Being in a relationship is never knowing when the unexpected will happen. It demands flexibility and responsiveness. Responding rather than reacting is the sutra I practice, learning to be like bamboo bending in the winds of change, rather than being the stiff and resistant oak that snaps when my partner’s fury is unleashed.
Being in a relationship is the counterpoint for my ego to see that its survival is a hindrance and not the end goal it supposes. Seeing the possibility of a way of being beyond what I can imagine is the purpose.
Being in a relationship defies the laws of logic. Does it support genetics and cultural imperatives? Are these two concepts at odds, or is one just a manifestation of the other?
Being in a relationship forces me to consider another person every day we are together (and even when apart). Kids do this too.

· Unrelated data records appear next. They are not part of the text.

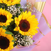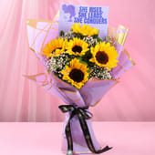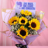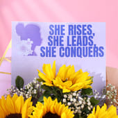 Celebrate her strength, beauty, and grace with this vibrant floral arrangement. The bouquet features five radiant sunflowers, symbolising positivity and resilience. Wrapped in luxurious purple premium paper, this arrangement exudes elegance and warmth. Accompanying the sunflowers is a powerful message: "She Rises, She Leads, She Conquers," printed on an A4 sheet, making it the perfect tribute to the incredible woman in your life. Ideal for expressing admiration, empowerment, and a Women's Day gift, this bouquet is sure to brighten her day and inspire her journey.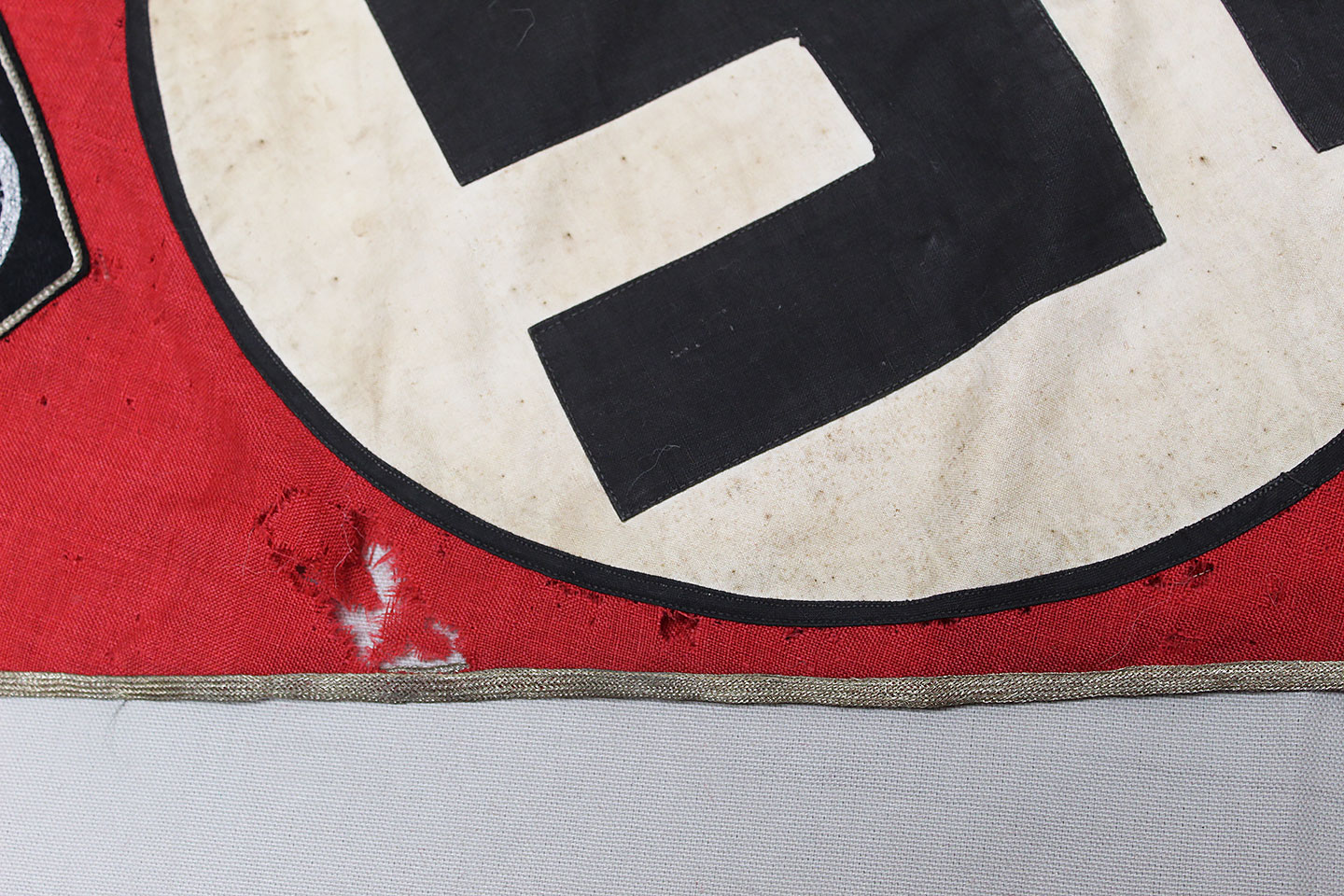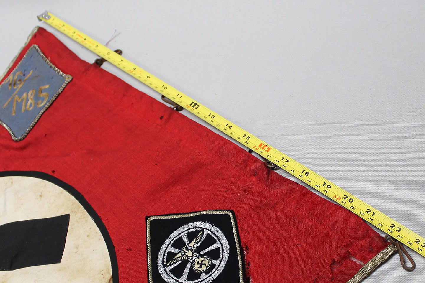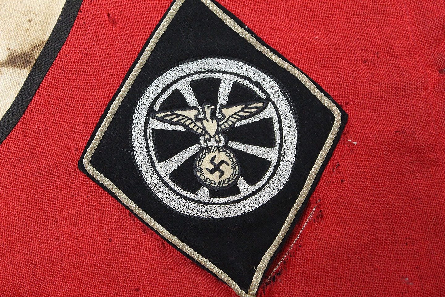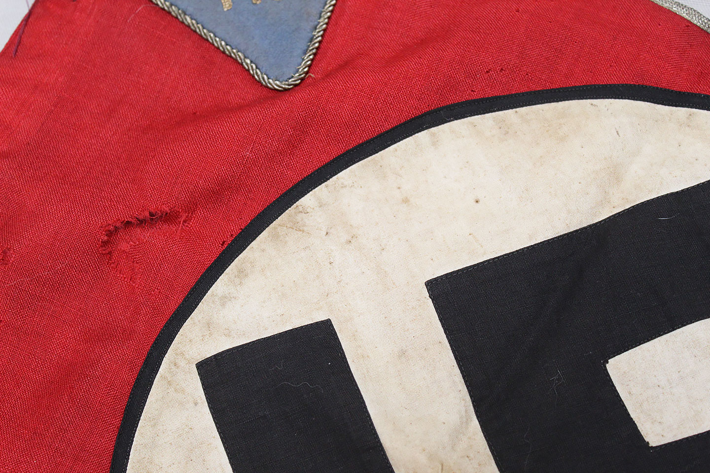 WW2 German Large NSKK Unit Pennant. Double sided. Missing one side small metal clip. Very worn and used condition with many small scattered holes, staining, and damage. Size approximately 22 inches X 45 inches. Overall a hard to find unit pennant that is in rough condition.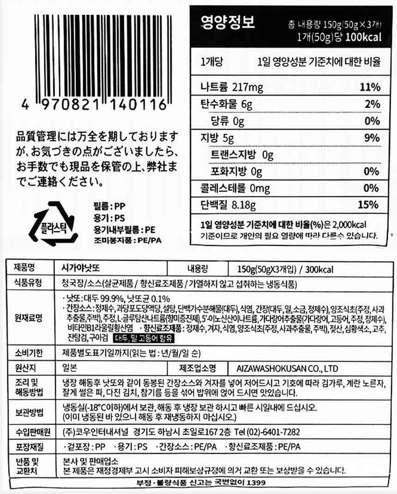 | 제품명 | 시가야 낫또 | 식품의 유형 | 청국장 |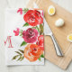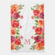 Pink Red Orange Flowers Monogrammed Kitchen Towel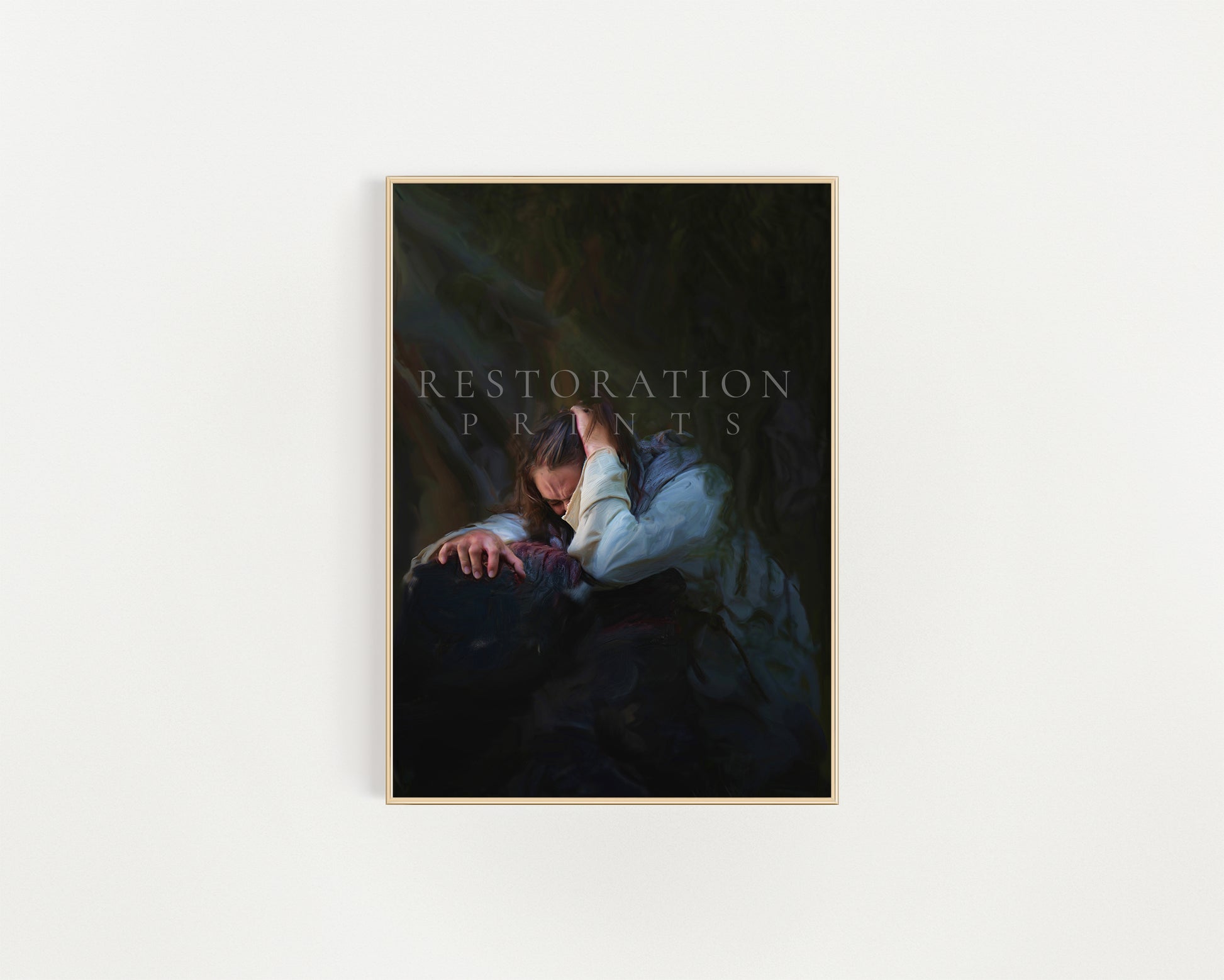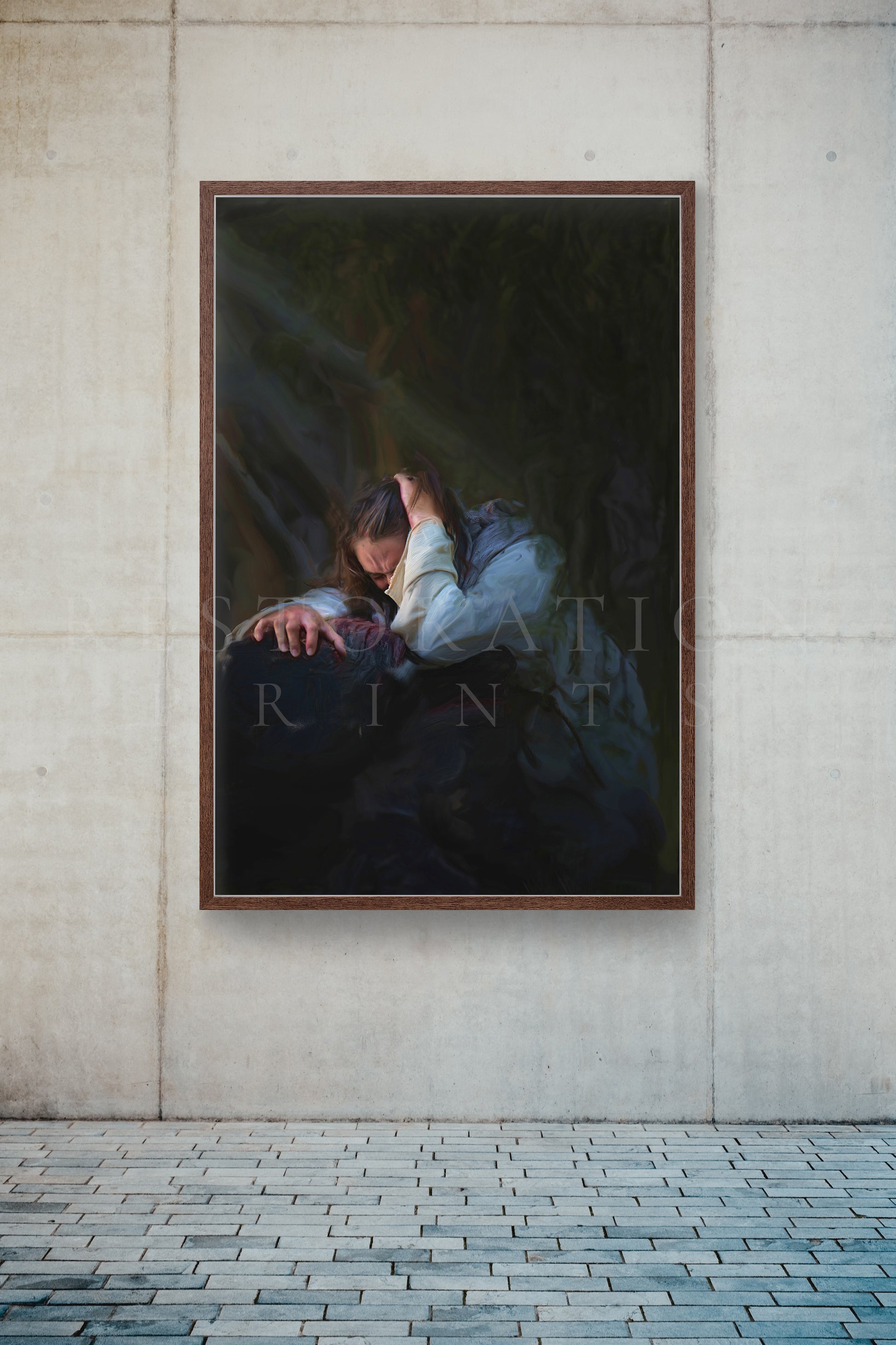 I am 4 of 8 children. Of the 8 there is one son. My brother has been through some rough times including serving in the Afghan war. I asked him to model for this piece because of his experiences with the darkness of humanity. He did an amazing job - which is sad because it not only shows the suffering of my brother here on earth, but the sufferings of my brother Jesus Christ.

Being in a relationship demands change if the partnership is to succeed. To grow is to change, cell by cell, reaching for the sun, shedding old ways of being and basking in her radiance with smug awareness knowing that I can learn, grow, and change.
Being in a relationship opens my eyes to see the world from another point of view. So different than mine, it glides over facts and focuses on feeling, sliding between meaning and metaphor, always looking for the light of creation. I am humbled.
Being in a relationship makes me cry with anguish as my limitations become apparent and laugh with delight as I rock and roll with witticisms that etch laugh lines on her face.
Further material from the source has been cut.